The Sorrow of Super Mario

When my son was born I would spend the early hours watching over him as my wife claimed some much needed, and well earned, sleep and entertain myself trying to solve the puzzles of a Nintendo 64. As my son grew we played these games together, father/son time as it were and slowly he developed the skills to beat me at every possible opportunity. The first time he completed the course on Mario Kart I can still remember the jumps for joy as he screamed "I did it! I did it!".

When he was six he came to me and said he wanted a Game Boy. As with any parent I showed hesitation but when I saw his friends on the school bus wified together and competing to score the winning goal, I realised it was the lone kid with the book who was the outsider. Games were no longer isolationist, now they were the social activity, bridging the gaps rather than building them. We did a deal, he learnt to read 'Green Eggs and Ham', and Santa was happy and brought him a brand new DS.

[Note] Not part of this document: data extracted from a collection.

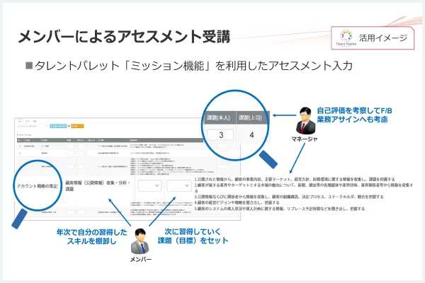 また、スキルマップの定義内容自体をタレントパレットに全て反映しています。たとえばメンバーがアセスメントを受講することで、「人に教えるぐらいのレベルで仕事ができるか」「もしくは全くできないか」など4~5段階の評価が下されるようになっています。さらに今年の課題を本人と上司がそれぞれ設定し、アセスメントとして集約する仕組みにしました。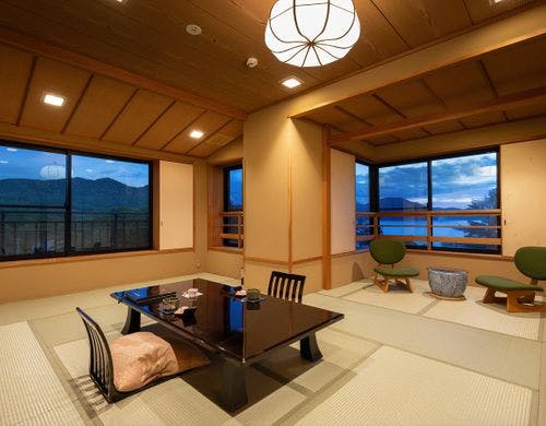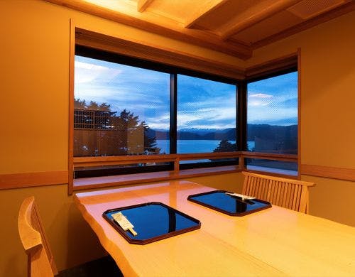 <夕朝食専用ダイニング>田沢湖畔に望み、「秋田の心」を伝える宿。丹念に仕上げた郷土会席を心ゆくまで。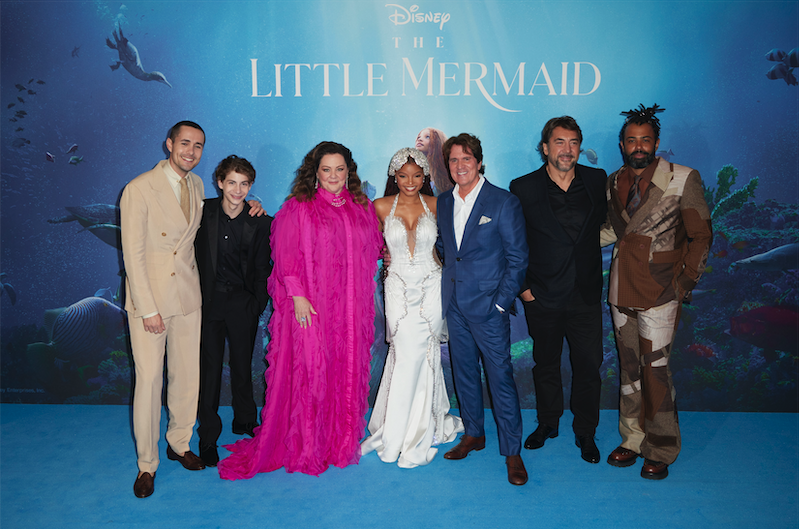 Asistieron los protagonistas de la película Halle Bailey, Jonah Hauer-King, Daveed Diggs, Jacob Tremblay, Javier Bardem, Melissa McCarthy, Noma Dumezweni y Art Malik, así como el director y productor Rob Marshall, los productores Marc Platt y John DeLuca, el compositor Alan Menken, el productor ejecutivo Jeffrey Silver e invitados como James Corden, Stanley Tucci, Guy Ritchie, Sir Tim Rice y Alexander Molony, entre otros.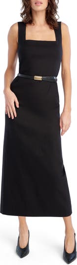 A timeless linen-blend midi dress is offered in a fitted silhouette for a look that works for summery desk days and drinks dates on warm evenings.
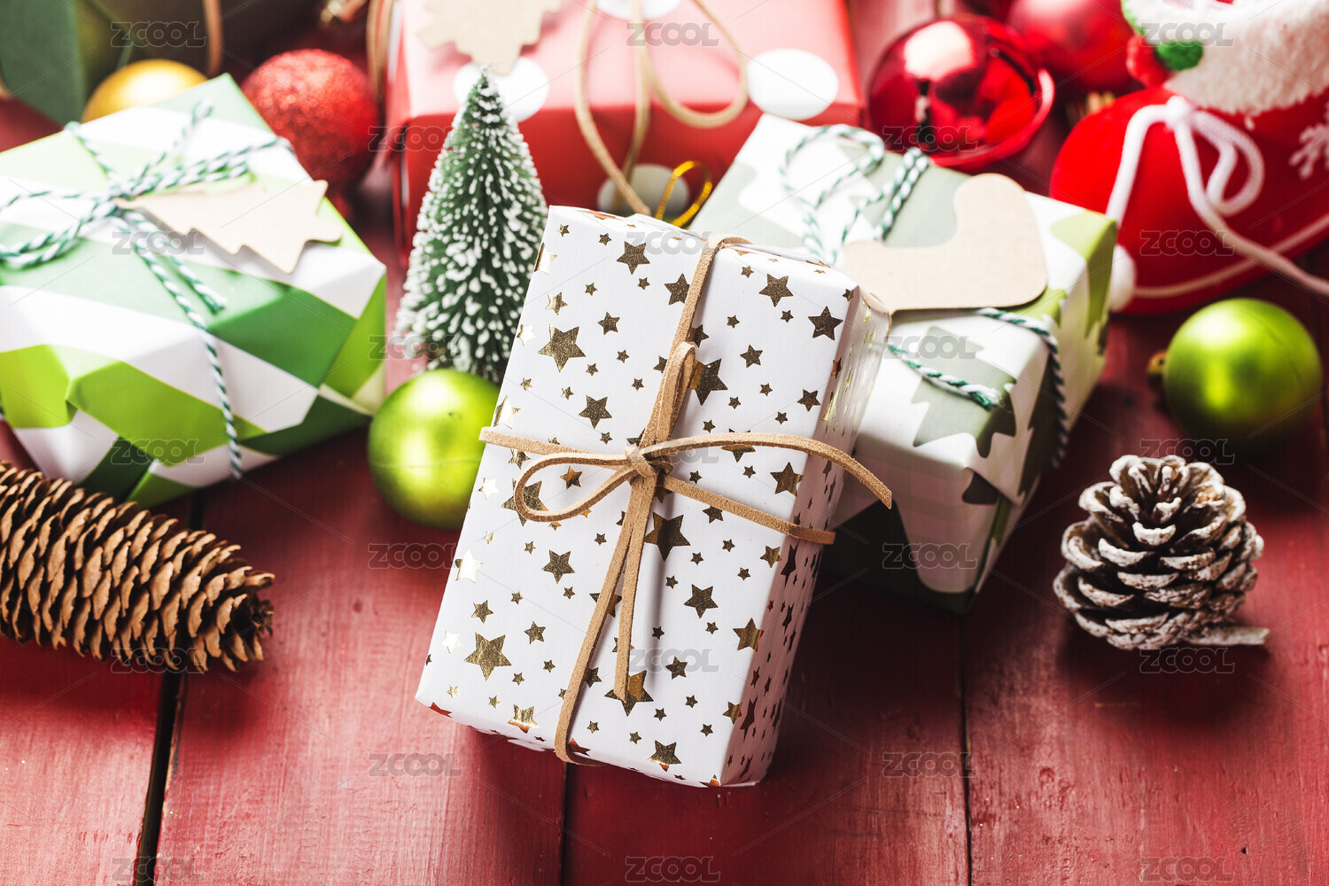 木桌面一角堆着礼盒和圣诞装饰物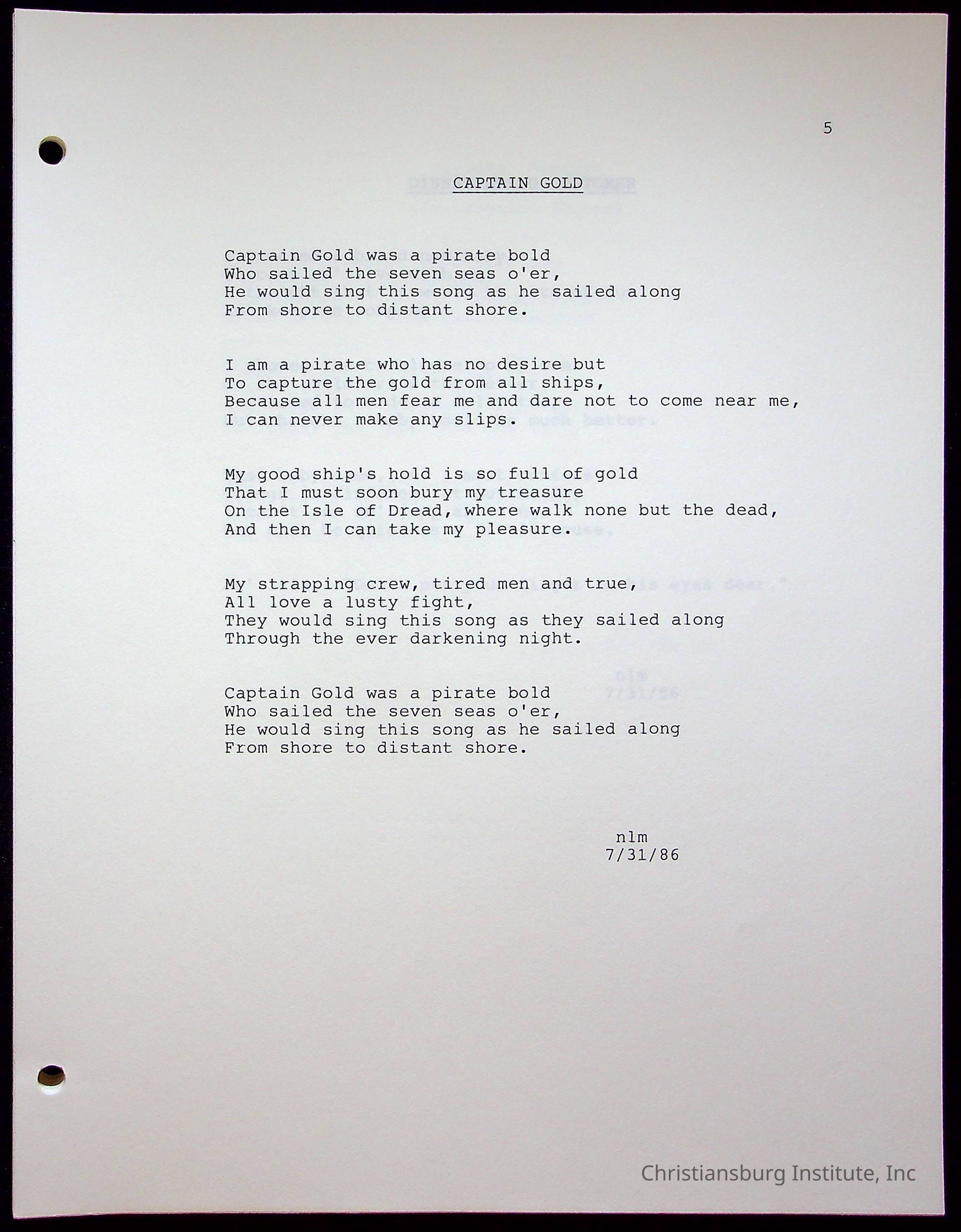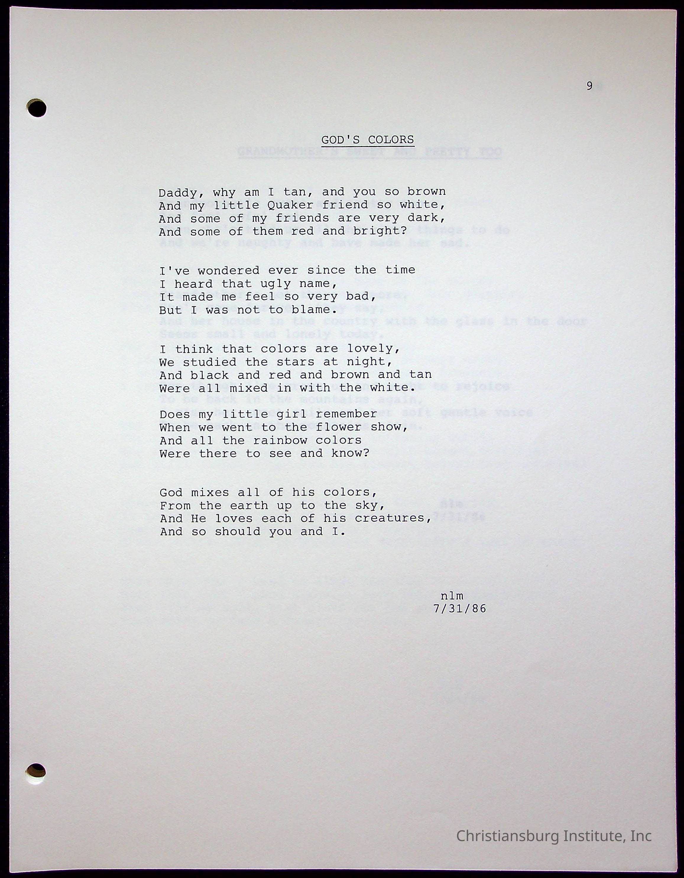 A copy of the "Poems for Children" written by Nerissa Long Milton complied by CIAA historian, Amanda DeHart dated 1986.Creator

These days the DS is long gone but we still spend time beating each other's scores on Star Wars on the old '64. It remains a time we can spend together, a time I can remember and enjoy. Few Japanese companies have genuinely created something new, many simply improving on previous ideas, something Apple is very good at if we're being honest. But while I've been travelling Nintendo lost someone who was part of my son and I growing up. And Mario is sad about that.